* [What is expected]: Using the data below, copy out all lines with the word "segunda".

* [Task data]:
BEGIN

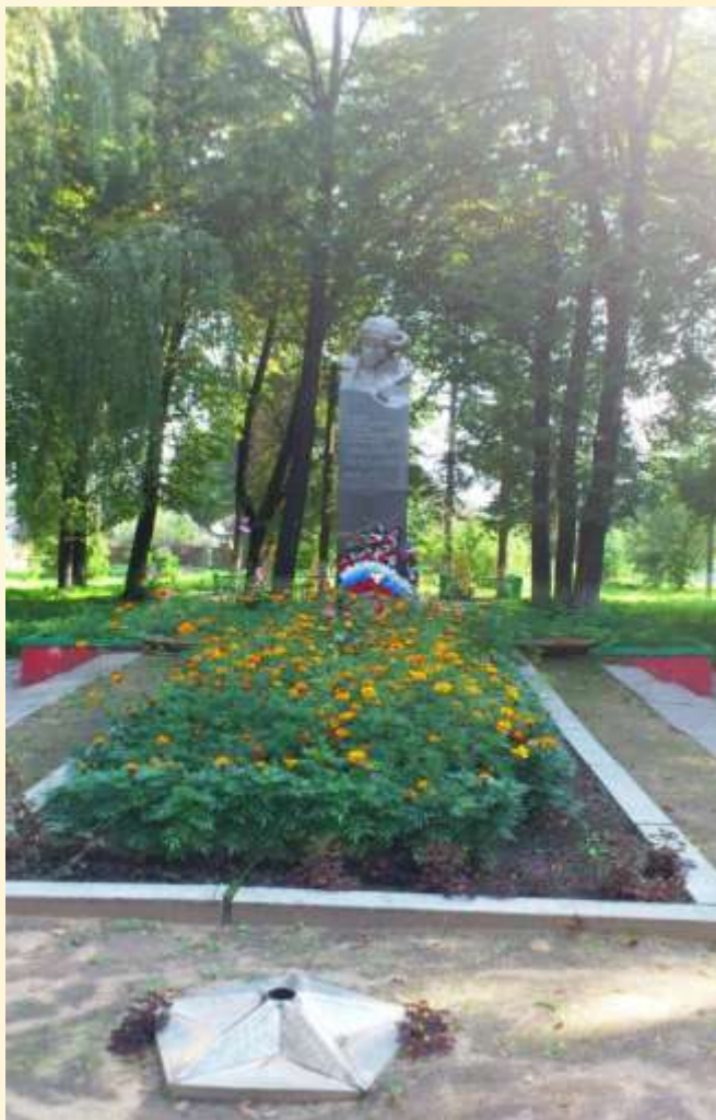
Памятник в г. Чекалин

END
BEGIN

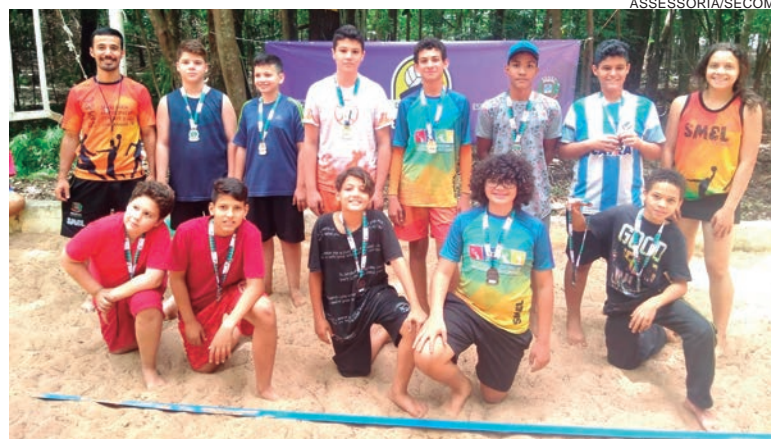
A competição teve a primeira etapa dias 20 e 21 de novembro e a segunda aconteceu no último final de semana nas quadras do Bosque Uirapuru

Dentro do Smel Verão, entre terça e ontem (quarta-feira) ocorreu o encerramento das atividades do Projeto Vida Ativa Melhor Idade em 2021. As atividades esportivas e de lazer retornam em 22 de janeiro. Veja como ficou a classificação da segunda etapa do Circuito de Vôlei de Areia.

END

* [Exercise solution]:
A competição teve a primeira etapa dias 20 e 21 de novembro e a segunda aconteceu no último final de semana nas quadras do Bosque Uirapuru
Dentro do Smel Verão, entre terça e ontem (quarta-feira) ocorreu o encerramento das atividades do Projeto Vida Ativa Melhor Idade em 2021. As atividades esportivas e de lazer retornam em 22 de janeiro. Veja como ficou a classificação da segunda etapa do Circuito de Vôlei de Areia.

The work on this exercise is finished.